Quelques heures après l'annonce de la mort du valétudinaire président nigérian Umaru Yar'Adua, le dirigeant par intérim, Goodluck Jonathan, a été investi des fonctions présidentielles, qu'il devra assumer jusqu'à l'élection d'avril 2011.
Goodluck Jonathan a été officiellement investi au poste de chef de l’État, jusqu’à l'élection présidentielle qui doit se tenir en avril 2011. Le nouvel homme fort du Nigeria a prêté serment quelques heures après l'annonce de la mort du président Umaru Yar’Adua. Le pays le plus peuplé d’Afrique, huitième producteur mondial de pétrole, était préparé à cette nouvelle : depuis le mois de février, alors que la gravité de l’état de santé de Yar'Adua était passé sous silence et que la vacance du pouvoir devenait flagrante, le vice-président avait pris officiellement l’intérim du pouvoir.
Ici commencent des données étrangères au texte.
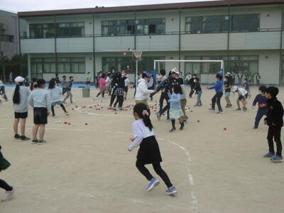 節分、校庭に突然「鬼」が大集合!3年生と4年生(1クラス)の子どもたちが、文字通り「鬼ごっこ」で大いに盛り上がりました。「悪い子はいねえかあ~!」なまはげもびっくりの迫力で、何人もの鬼が、子どもたちを追いかけてきます。鬼に捕まると、校庭の真ん中にある「鬼が島」に連れていかれます。子どもたちは、歓声をあげながら逃げるのに必死!鬼を撃退するアイテムは、玉入れに使う「お手玉」。鬼をめがけて投げつけます。「豆まき」ではなく「玉まき」です。約30分間にわたる大鬼ごっこに子どもたちは、「おもしろかったあ」と笑顔いっぱい!対して鬼たちは、疲労困憊…。でも、子どもたちが喜んでくれて、先生方も大満足の笑顔です。…月曜日の勤務、筋肉痛が心配です(笑)
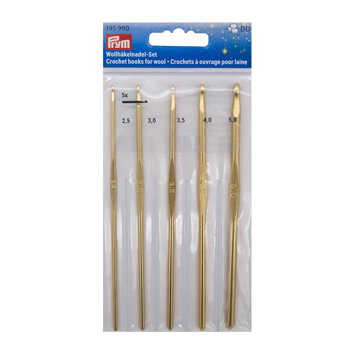 Набор крючков популярных размеров 2,5-5,0 мм позволяет работать над любыми проектами. Используйте их для вязания шалей, топов и летних платьев, головных уборов. Благодаря направляющей поверхности на ручке крючок не скользит, его удобно держать в руках. Крючки изготовлены из алюминия, поэтому они очень легкие и практичные. Благодаря покрытию цвета 'светлое золото' такой крючок станет украшением вашего рабочего места. Инструменты упакованы в пластиковый футляр с подложкой, который подходит для хранения.
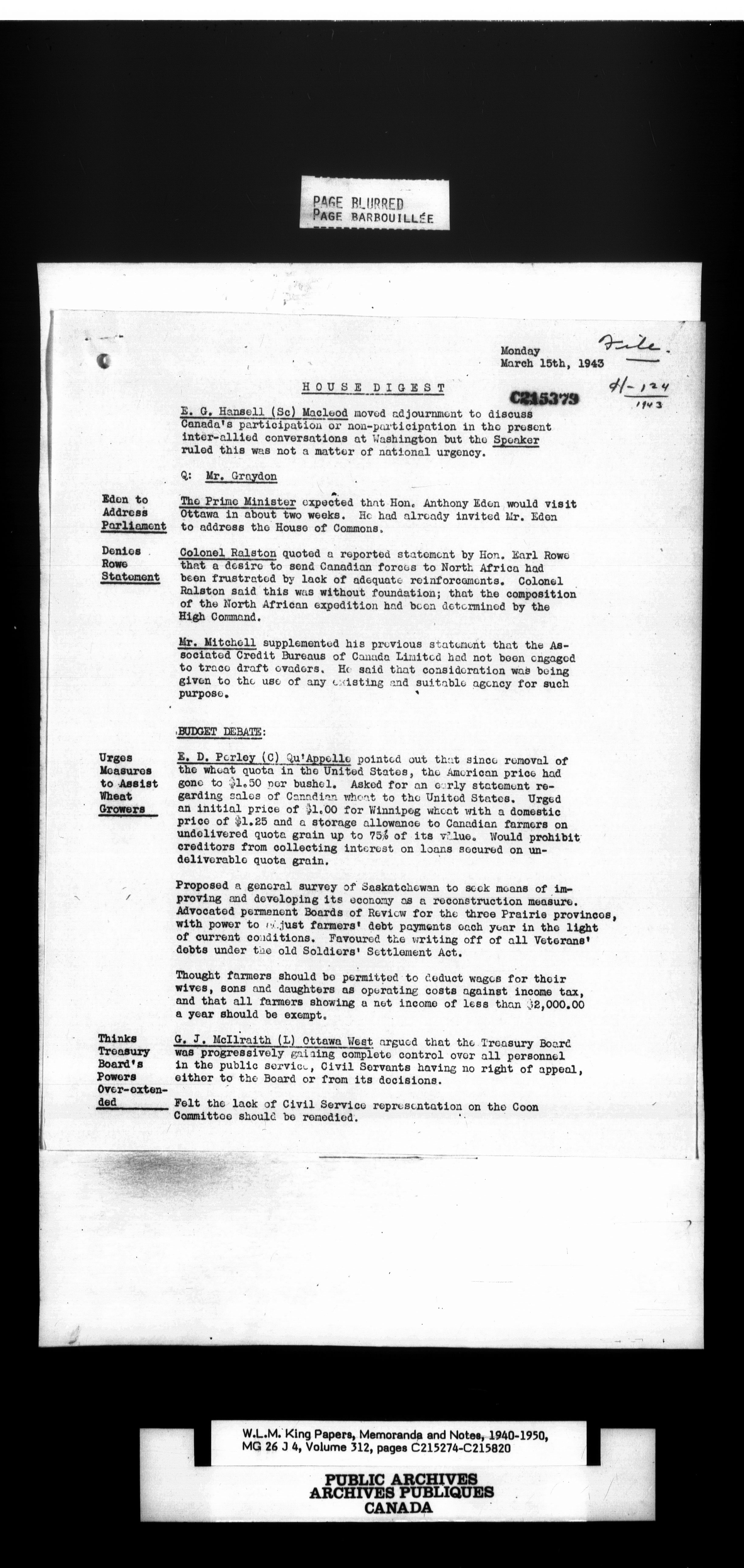 W. L. Mackenzie King : Memoranda and Notes - 1513
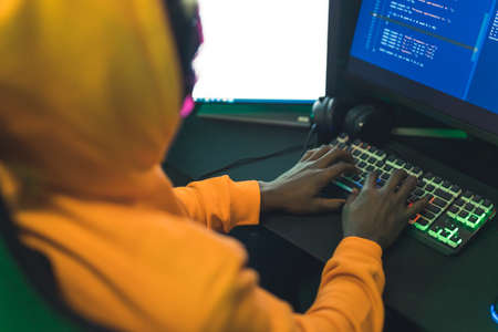 Portrait of an African American guy in yellow hoodie typing on colorful illuminated keyboard, programming, or surfing the internet. High quality photo
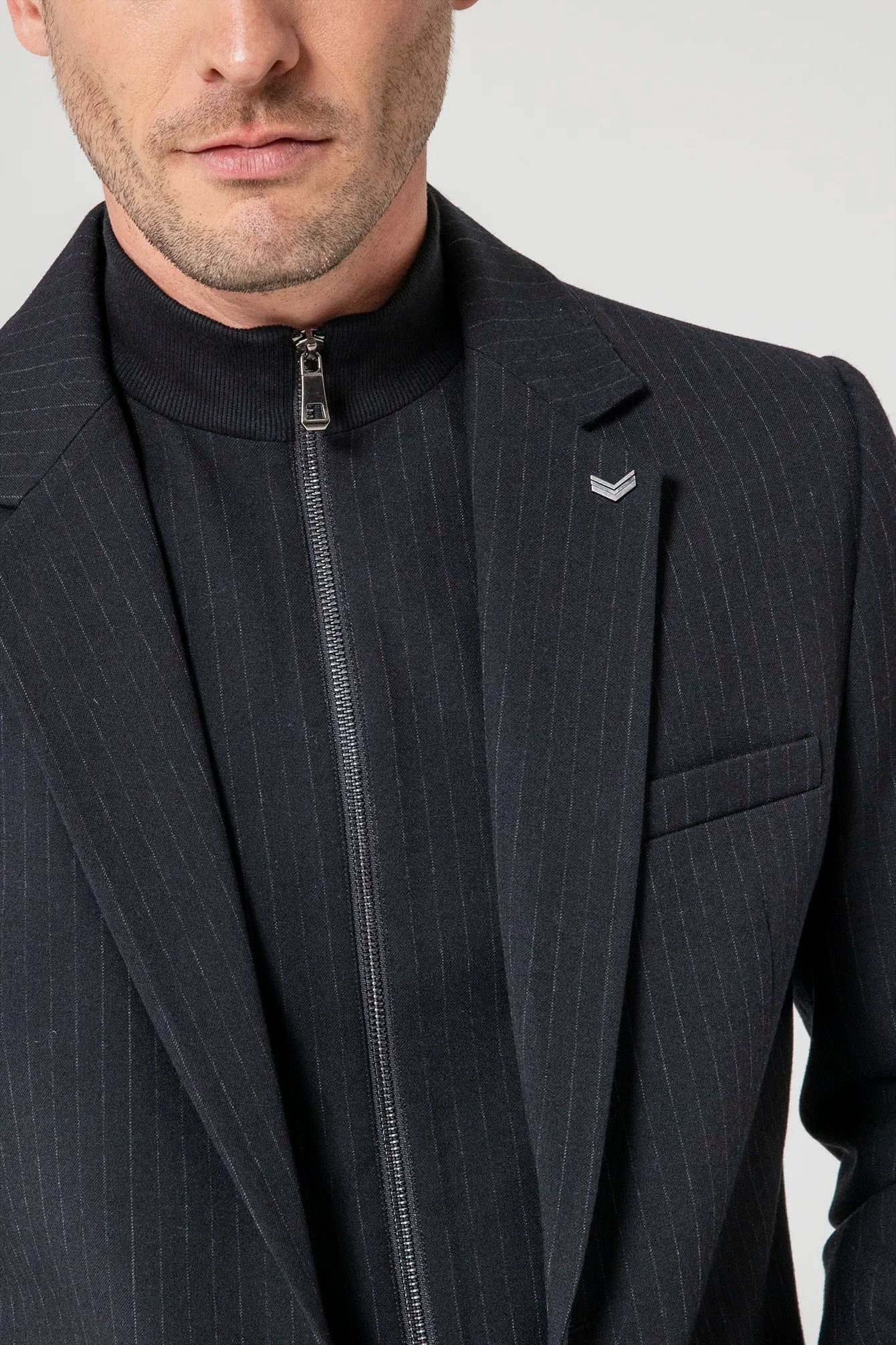 La veste costume que l'on déride d'une sous-veste zippée et col montant. 1 veste, 2 options, on est méga fan !

itHospitalisé en Arabie saoudite en novembre 2009, Yar'Adua avait laissé le fauteuil de président inoccupé et les appels à la démission s'étaient multipliés. En janvier, il avait accordé une interview à la BBC, affirmant qu’il allait "mieux". Mais aucune image ni vidéo de lui n'étaient disponibles. Des manifestations avaient éclaté pour dénoncer l'absence de l'exécutif. Dans le courant du mois de janvier, le vice-président Jonathan était appelé à exercer les pouvoirs du chef de l’État pour prendre officiellement ses fonctions en février.
Au fil des semaines, Goodluck Jonathan assoit son autorité comme président par intérim. Lors de son premier conseil des ministres en février, il remanie le cabinet. Fin avril, il révoque le président de la commission électorale Maurice Iwu, rendu responsable de la mauvaise organisation de l'élection de 2007, entachée de soupçons de fraude.
L’homme sur lequel personne n’aurait misé
Aujourd'hui, le pays attend la nomination d’un nouveau vice-président, qui sera logiquement originaire du nord du pays, Goodluck Jonathan étant issu du Sud. L’équilibre politique entre le Nord, majoritairement musulman, et le Sud, composé essentiellement de chrétiens, est crucial au Nigeria : le principe d’une alternance n’est pas inscrit dans la Constitution, mais obéit à un accord tacite. Après le double mandat (1999-2007) d’Olusegun Obasanjo, issu du Sud, l’élection d’un homme politique venant du Nord du pays, en l’occurrence Umaru Yar'Adua, suivait cette logique.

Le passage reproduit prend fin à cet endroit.